**Available data**
== Segment start ==

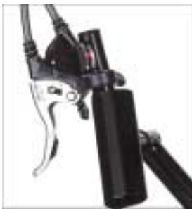
Optional Rapid Fire hands-on Shifters/brakes.
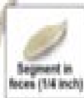
Segment in feces (1/16 inch)
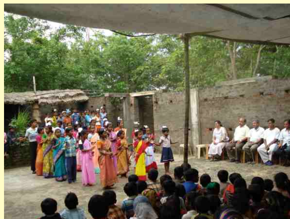
Cultural programmed by students
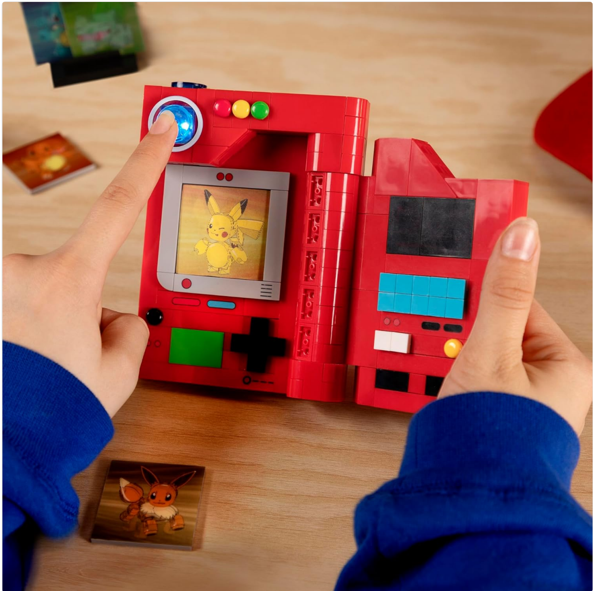
Image 4.1: Activating the light feature by pressing the blue button.

== Segment end ==

**To do**
The answer must be the full listing, exact in every line, with the pictures removed.

**Solution for this exercise**
Optional Rapid Fire hands-on Shifters/brakes.
Segment in feces (1/16 inch)
Cultural programmed by students
Image 4.1: Activating the light feature by pressing the blue button.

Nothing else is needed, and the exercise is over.